Posts Tagged ‘barack obama’

Where’s My Change? Tuesday, April 28th, 2009

by Ralph Nader

Ralph Nader, speaking at BYU's Alternate Comme...
Image via Wikipedia

“No more fine print; no more confusing terms and conditions.” This is what Barack Obama told a White House gathering of leading credit card issuers this week.

Right afterward, President Obama told the press that “there has to be strong and reliable protections for consumers, protections that ban unfair rate increases and forbid abusive fees and penalties.” This soaring rhetoric places a heavy burden on Mr. Obama to stand up to the giant power of the credit card bosses and their monetized allies on Capitol Hill. Yet he has shown little interest in re-instating a Presidential consumer advisor as did Lyndon Johnson with the formidable Betty Furness and as did Jimmy Carter with the legendary Esther Peterson.

Deep recession times are tough for the nation’s over 200 million consumers. Still, no consumer voice in the White House, though consumer groups asked Mr. Obama to move promptly on this tiny advocacy office months ago.

The corporate chieftains have easy access to the White House and the new President, whether these bosses come on missions demanding power or missions of beggary for bailouts.

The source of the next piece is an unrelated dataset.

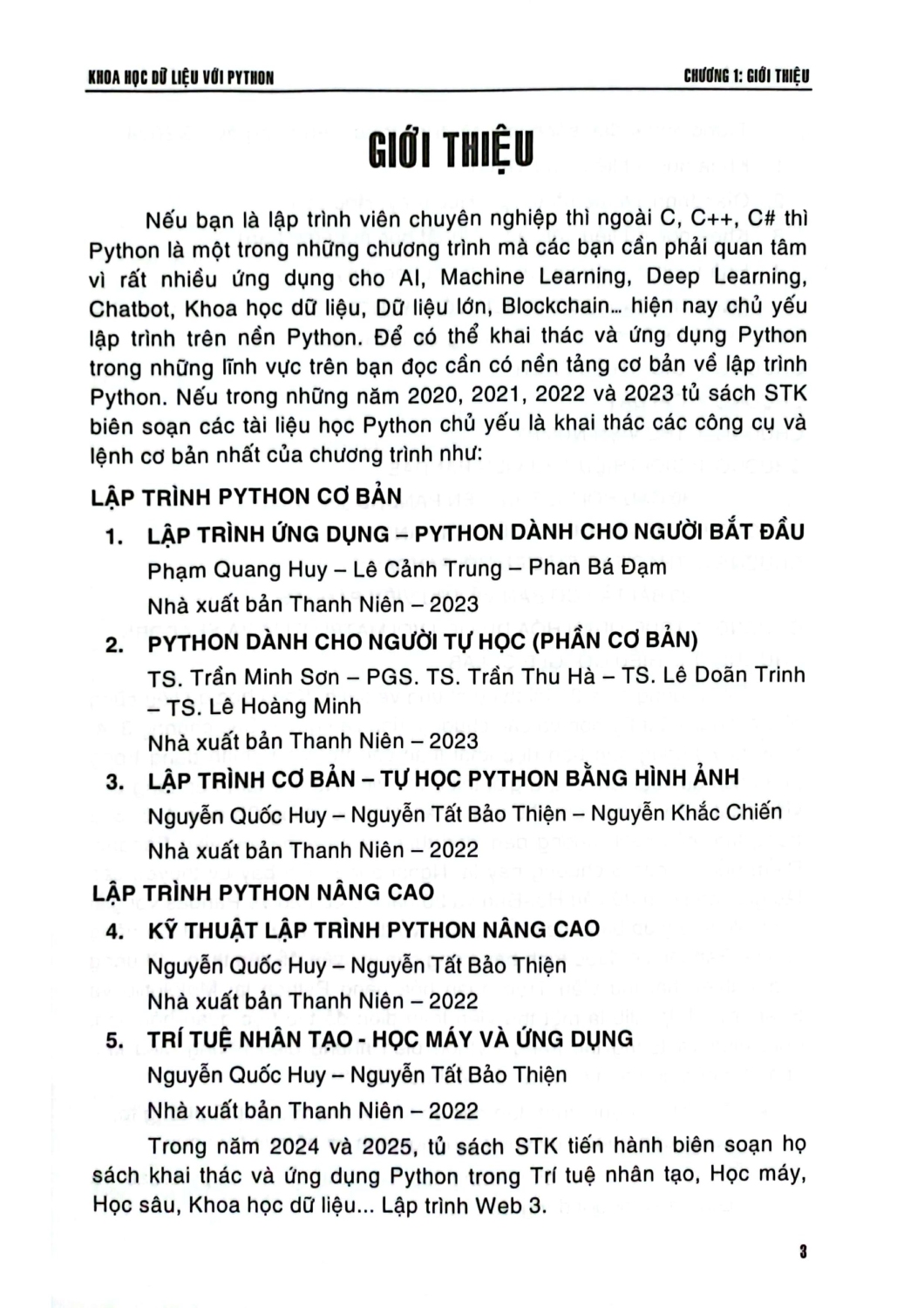 Mua tại TiktokKhoa Học Dữ Liệu Với Python Sách Khoa học dữ liệu với Python được trình bày với 424 trang khổ 16 x 24 cm qua 7 chương và 1 phụ lục: Chương 1: Giới thiệu sách. Chương 2: Cài đặt. Chương 3: Thư viện Numpy. Chương 4: Giới thiệu thư viện Pandas - 30 câu hỏi về Pandas. Chương 5: Đọc và ghi dữ liệu với Pandas. Chương 6: Thao tác dữ liệu với Pandas - 20 bài tập cơ bản về Pandas. Chương 7: Trực quan hóa dữ liệu với Matplotlib và Seaborn. Phụ lục: Giới thiệu Google Colab Sách giới thiệu nhanh về các thư viện chính dùng nhiều trong phân tích dữ liệu, học máy, học sâu, các thành phần thiết yếu của ngôn ngữ Python dành cho các nhà nghiên cứu phân tích dữ liệu và nhà phát triển học máy và học sâu. Nền tảng phân tích dữ liệu được trình bày bởi chuyên gia. Toàn bộ vòng đời phát triển phân tích dữ liệu có thể giải thích và các phương pháp tiên tiến hướng đến sự đơn giản, khả năng mở rộng, tái sử dụng, nhân rộng, triển khai nhanh và bảo trì dễ dàng. Từ làm sạch dữ liệu đến thiết kế mô hình, thử nghiệm và lựa chọn tính năng, cho đến những hình ảnh trực quan tuyệt vời dễ dàng cho các bên liên quan và người ra quyết định. Chương 1 và 2 giới thiệu chung về sách, Khoa học dữ liệu cũng như cách cài đặt Python và các chương trình liên quan. Các chương 3, 4, 5, 6 và 7 hướng dẫn bạn đọc khai thác các thư viện chính dùng trong phân tích dữ liệu. Chương 3 giới thiệu thư viện Numpy làm nền tảng cho việc phát triển và học các thư viện khác. Các nội dung Chương 4, 5, 6 là trọng tâm của sách hướng dẫn khai thác và sử dụng thư viện Pandas. Điểm nổi bật của 3 chương này là: Ngoài phần trình bày Lý thuyết, các tác giả còn soạn 30 câu Hỏi-Đáp và 20 bài tập cơ bản về Pandas với giải thích rõ ràng giúp bạn đọc hiểu rõ hơn về thư viện này. Các bài tập nâng cao về Pandas sẽ được trình bày trong các chuyên đề tiếp theo. Chương 7 giới thiệu hai thư viện Trực quan hóa bằng Python là: Matplotlib và Seaborn. Matplotlib là một thư viện toàn diện để tạo trực quan hóa tĩnh, hoạt hình và tương tác trong Python. Matplotlib biến những điều những điều khó khăn trở nên dễ dàng hơn và có thể thực hiện được. Seaborn là thư viện trực quan hóa dữ liệu Python dựa trên Matplotlib. Nó cung cấp một giao diện cấp cao để vẽ đồ họa thống kê hấp dẫn và giàu thông tin. Và cuối cùng Phụ lục giới thiệu Google Colab, là một nền tảng trực tuyến miễn phí hỗ trợ người dùng phát triển và chạy mã bằng Python. Nền tảng này cung cấp một môi trường để phân tích dữ liệu, nghiên cứu AI và Machine Learning… Cuốn sách này được viết dành cho các nhà phân tích dữ liệu chuyên nghiệp muốn biết cách xây dựng các ứng dụng đáng tin cậy và chính xác trong Python. Đây không phải là sách giáo khoa về phân tích dữ liệu, học máy, học sâu, người học cần nắm được những khái niệm cơ bản về học máy học sâu để hiểu rõ hơn những nội dung trình bày trong sách.

When will he meet with the leading heads of consumer protection groups with millions of dues-paying members who could give him the base to hold accountable and regulate the democracy-denying, economy-wrecking corporate supremacists?

“Where’s the Backbone?” asked Ruth Marcus, the usually-restrained lawyer-columnist for The Washington Post. On April 15, 2009 she wrote: “When will President Obama fight, and when will he fold? That’s not entirely clear-and I’m beginning to worry that there may be a little too much presidential inclination to crumple.” Ms. Marcus asserts that “for all the chest-thumping about making hard choices and taking on entrenched interests, there has been disturbingly little evidence of the new president’s willingness to do that.” This is the case even with his allies in Congress, never mind his adversaries.

Just four days later, The New York Times weighed in with a page one news article that said President Obama “is well known for bold proposals that have raised expectations, but his administration has shown a tendency for compromise and caution, and even a willingness to capitulate on some early initiatives. …His early willingness to deal or fold has left commentators, and some loyal Democrats, wondering: ‘Where’s the fight?’” Like the Post, the Times gave examples.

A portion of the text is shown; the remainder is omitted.